Poste de Frontière et Parking Douanier du Cameroun, frontière Cameroun – Gabon sur le Fleuve Ntem, le Pont d’Eboro (2005) sur la droite à demi plan, le Poste de Gendarmerie du Gabon en dernier plan sur la colline.

Les experts de la commission ad hoc des frontières entre le Gabon et le Cameroun réunis à Libreville du 16 au 19 décembre 2015, se sont félicités de l’absence de contestation dans le tracé de la frontière commune, indique un communiqué du ministère de l’Intérieur.

De la lecture du Communiqué conjoint par Mme Tatiana Magouya Iga Iga, conseiller diplomatique du ministre de l’Intérieur de la République Gabonaise et du procès-verbal rendu public par Monsieur Louis de Gonzaque Anaclet Ndzana, Inspecteur n°3 a l’Inspection générale de l’administration territoriale au ministère de l’administration territoriale et de la décentralisation du Cameroun, il ressort que les deux parties se félicitent de l’absence de contestation portant sur le tracé de la frontière commune, telle que définie par la Convention franco-allemande du 18 avril 1908.

Les deux délégations ont estimé que le pont construit par le Gabon en 1974 sur la rivière Kyé n’avait aucune incidence sur le tracé de la frontière. Elles ont recommandé que tout problème qui surviendrait relativement à son usage et/ou à sa gestion soit renvoyé, pour examen, à leurs Gouvernements respectifs.

Toutefois, elles ont relevé essentiellement l’absence d’activités de la commission ad hoc créée par le Protocole d’accord relatif à la frontière entre le Cameroun et le Gabon, signé le 14 juin 1976 à Ngaoundéré.

Pendant trois jours, les experts des deux pays ont planché notamment, sur l’évolution de la situation des questions frontalières, depuis la 12ème session de la Grande commission mixte de coopération, tenue du 14 au 18 juillet 1997 à Libreville.

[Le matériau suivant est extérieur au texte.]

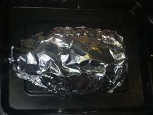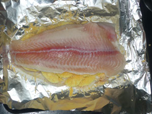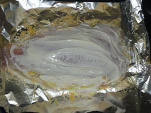 На фольгу кладем ложку сметаны, распределяем по размеру филе.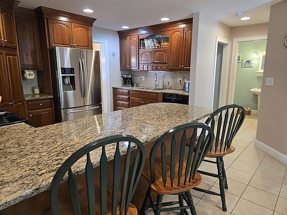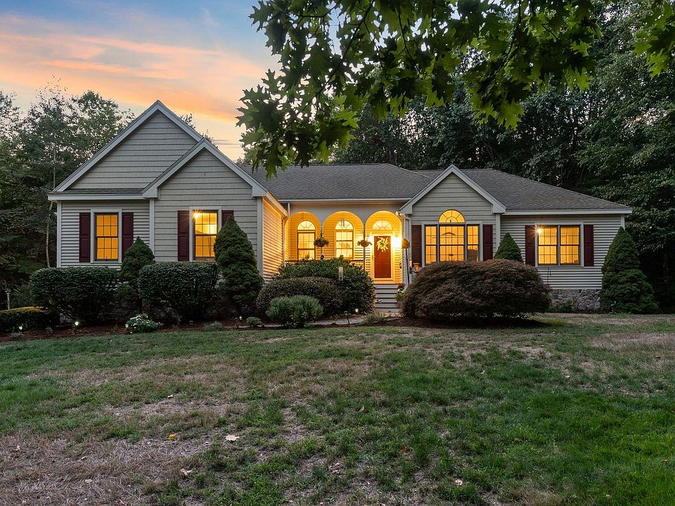Welcome to 12 Parshley Lane, an executive ranch offering the ease of single-level living on a private 2-acre setting. This 2001 custom-built home features an eat-in kitchen with granite countertops and cherry cabinetry that opens to the dining room, 4-season sunroom, and grand living room with a granite gas fireplace—perfect for gatherings! The secluded en-suite primary offers a spa-like retreat, thoughtfully separated by the living area from 2 additional bedrooms and full bath. French doors off the living room reveal a flexible Office/4th bedroom with a vaulted ceiling, ideal for work or playroom. The main-level laundry and half bath off the kitchen enhance convenience. A walk-up attic and oversized 3-car garage offer plenty of storage. Entertain in the finished lower-level complete with a custom mahogany bar, media built-ins for surround sound, game area, & half bath. Outdoor living includes a welcoming farmer’s porch & double decks overlooking serene natural surroundings—close to major routes yet tucked away in nature! This home is a Dream Come True!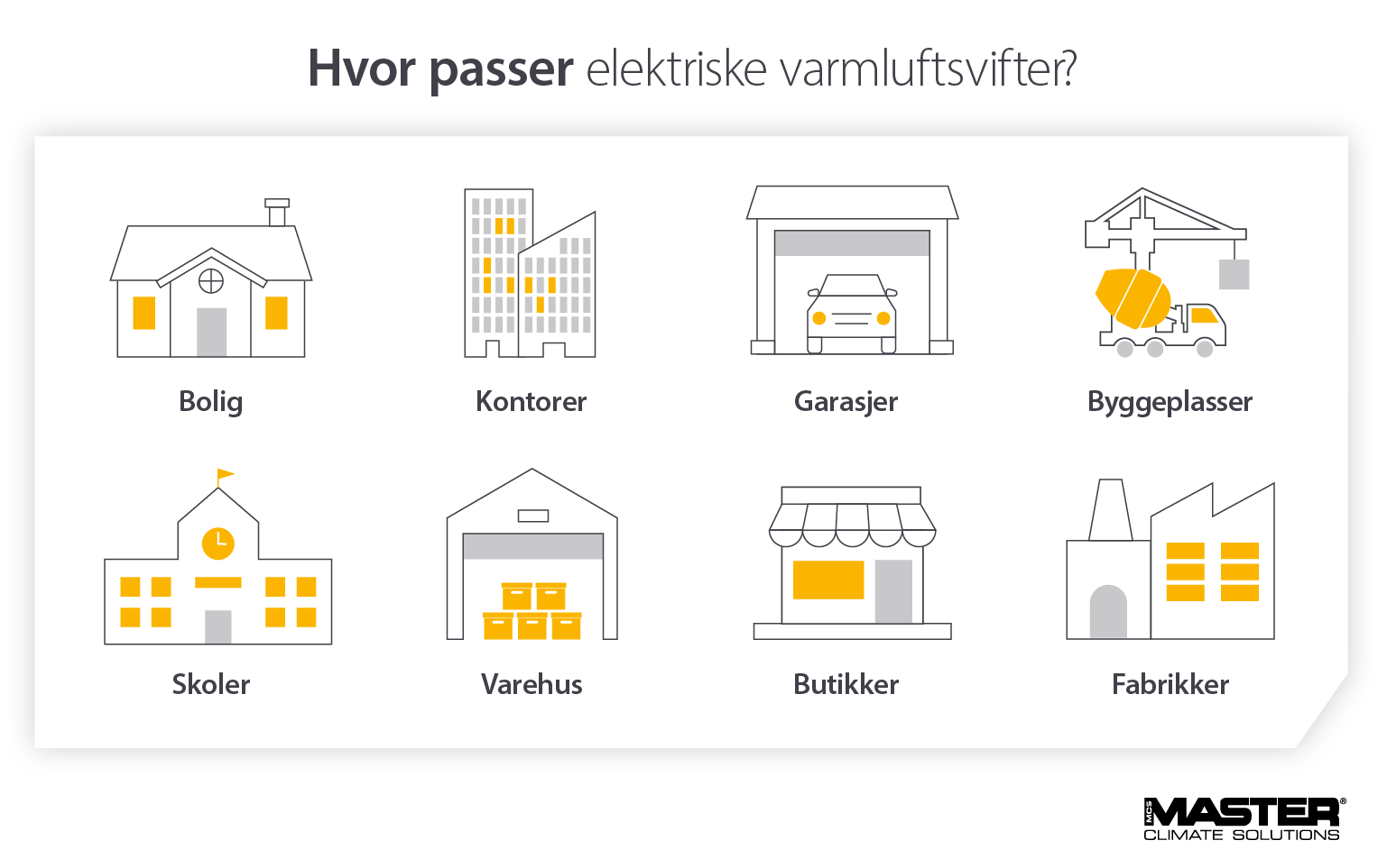 Elektriske viftevarmere er svært allsidige og robuste, fra oppvarming av klasserom og behandling av epoksy på skipsverft til tørking av gips på byggeplasser og gjenoppretting av vannskadede eiendommer.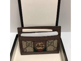 The look of luxury! Italian made GG Supreme canvas Gucci Ophidia Credit Card Case with leather trim.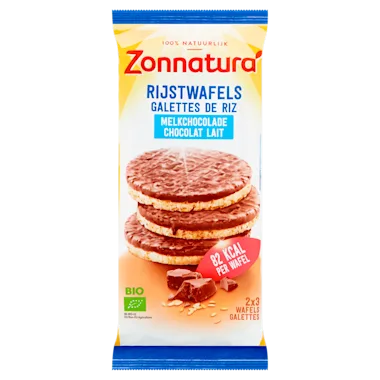Ingrediënten: MELKchocolade 60% (rietsuiker*, cacaoboter*, volle MELKpoeder* 19%, cacaomassa*, emulgator: zonnebloemlecithine*), rijst* 40%. * ingredient van biologische teelt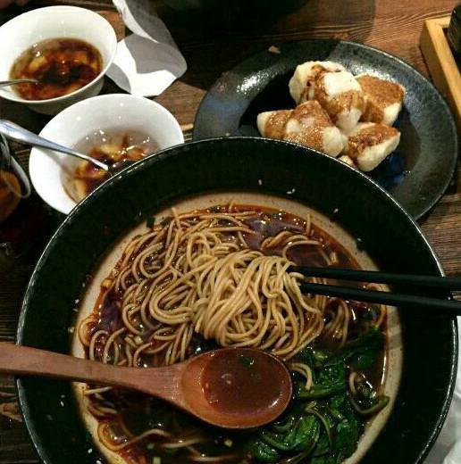 店子装修碗筷都很复古,有老重庆的感觉。值得一说的是这家豌豆面做的真的好吃,辣的恰如其分,有一点点麻但是不呛,很提味口~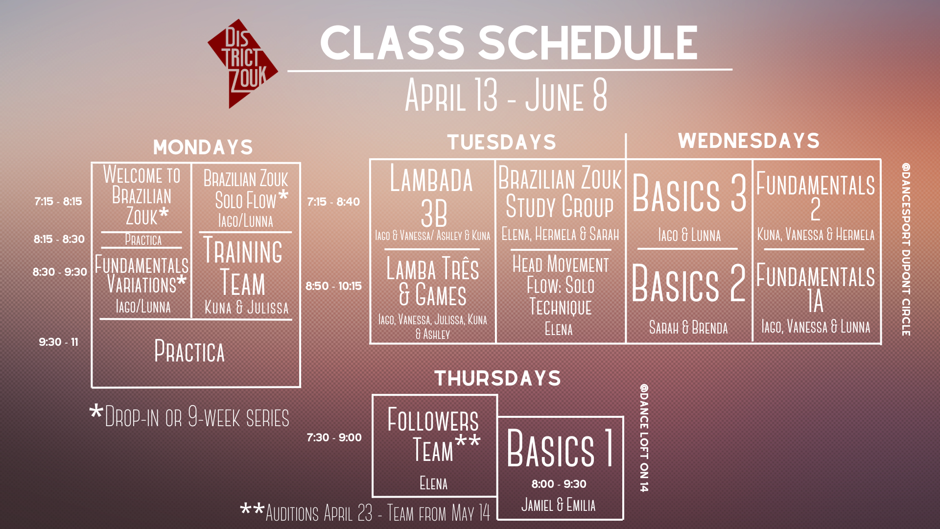 You can learn more about our curriculum and special classes below. For our Brazilian Zouk classes Fundamentals level and up and our currently offered lambada classes, we ask that you get instructor permission to confirm the level is a good fit. We will offer assessments on March 30, April 6 & 7.
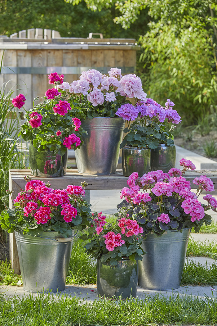 Kolejną pomocną wskazówką jest łączenie różnych odmian tej samej rośliny o kontrastujących wysokościach, kształtach, fakturach, liściach itp. Pelargonie są dostępne w wielu pięknych kolorach, kształtach i rozmiarach, dlatego łatwo można stworzyć efektowną ekspozycję z tych samych uwielbianych, wieloletnich roślin.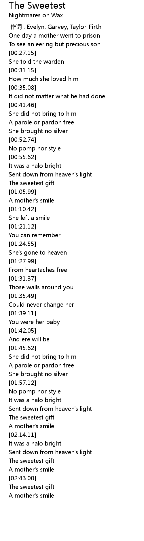 | [00:00.00] | 作词 : Evelyn, Garvey, Taylor-Firth |

La définition et la programmation des missions conjointes de terrain à la frontière commune, en prélude aux opérations de démarcation, la problématiques de la gestion de la frontière, de la circulation des personnes et des biens, ainsi que de l’utilisation de la rivière Ayina, dans sa partie frontière entre les deux (02) pays ; la gestion de la frontière dans la zone des Parcs nationaux respectifs du Gabon, du Cameroun et du Congo ; ainsi que la sécurité et insécurité transfrontalières (faisabilité et applicabilité de l’accord portant création de la Commission mixte permanente de sécurité transfrontalière) étaient au programme des discussions.